An Interesting article. BTW, India's tallest skyscraper "World 1", presently approved for 68 stories and finally 111 subject to approval, will be completed in Dec '16. Tallies with my prediction of a crash from Jan '17.

Vinay

Saudi Arabia Next to Fall?

By Alex Koyfman | Thursday, July 23rd, 2015

Economists love to concoct and play with all sorts of outlandish indicators of impending economic downturn.

They talk about bread prices and milk prices, prices of microchips, even the rates currently being charged by escorts, all in an attempt to pinpoint the time and place where the next economic meltdown will take place.
Economists —or as I like to call them, "lawyers with numbers" —can make any theoretical argument based on the set of data they choose to work with.

And because the volume of data potentially affecting macroeconomics is so enormous, there is an infinite number of ways a skilled mathematician can rationalize the predictive model of their choosing —no matter how strange or random it may seem to common sense.

Even an amateur economist could probably rationally correlate a sudden rise in latex prices with an upcoming financial meltdown in the Los Angeles entertainment industry —but for it to be significant, or matter at all, this pattern has to repeat itself on a consistent basis.

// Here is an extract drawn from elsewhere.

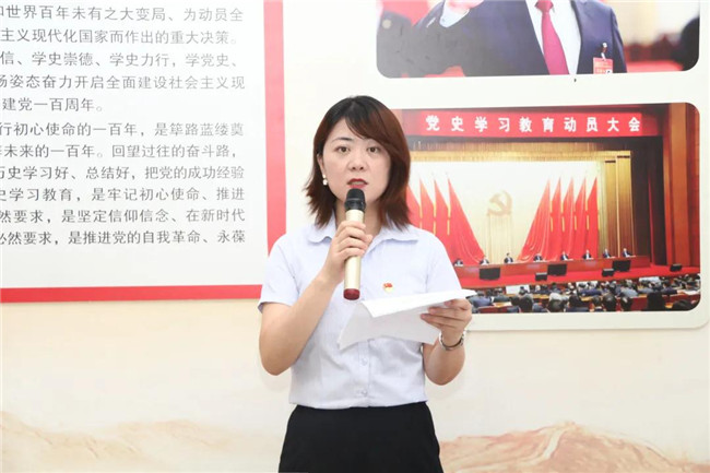 黨委宣傳部部長楊建偉介紹黨史學(xué)習(xí)教育紅色長廊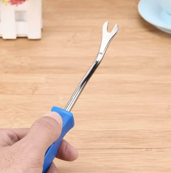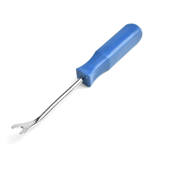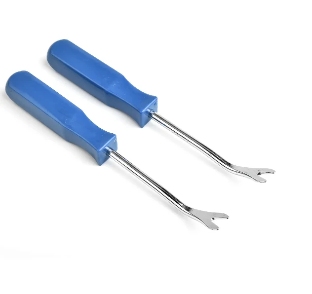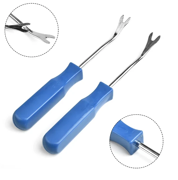 Комплект от 2 броя инструменти за вадене премахване на щипки кори клипси тапицерии панелите на вратите и др. Значително намалява риска от счупване и са подходящ за почти всички клипси. Предотвратява всякакви повреди. Грайферите са с гумени дръжки. Изработени от висококачествен материал, издръжлив и практичен за използване (стомана + пластмасова дръжка) Цвят: син Дължина: 205 (mm)

Well, there is one theory out there that has held up over the course of time.

For more than 140 years now, a very specific trend has established itself within industrialized nations —and so far, it's managed to repeat itself multiple times through some of the 20th and 21st centuries' darkest economic hours.

It's called the Skyscraper Index, and the rule it states is simple enough:
The location of the world's current tallest building under construction is where financial ruin is coming next or has already arrived.

Here is the current list of hits, spanning more than 14 decades of modern history:
• The Equitable Life Building, finished in New York in 1873, coincided with a five-year recession.
• The Empire State Building first broke ground in 1930 but was planned well before Wall Street crashed in 1929 and was built as the world sank into the Great Depression.
• The World Trade Center and the former Sears Tower (now the Willis Tower) were both built around the time of the oil crisis in the early '70s.
• Kuala Lumpur’s Petronas Towers, completed in 1998, coincided with the Asian financial crisis of the late '90s.
• In 2009, the Burj Khalifa, the tallest building ever, stood finished— and just about vacant —over a financial collapse that nearly ruined Dubai.
• As you read this, the Shanghai Tower is scheduled for completion this summer, and like clockwork, the Chinese economy is now threatening yet another broad-spectrum global crisis.

So... what makes this index work when others fail?

Which key economic factors does it consider and juxtapose properly to be such a strong indicator of unsound economic principals?

Simplicity, Not Superstition

When it comes to any reliable mechanism, simplicity is usually the key —and the same holds true here.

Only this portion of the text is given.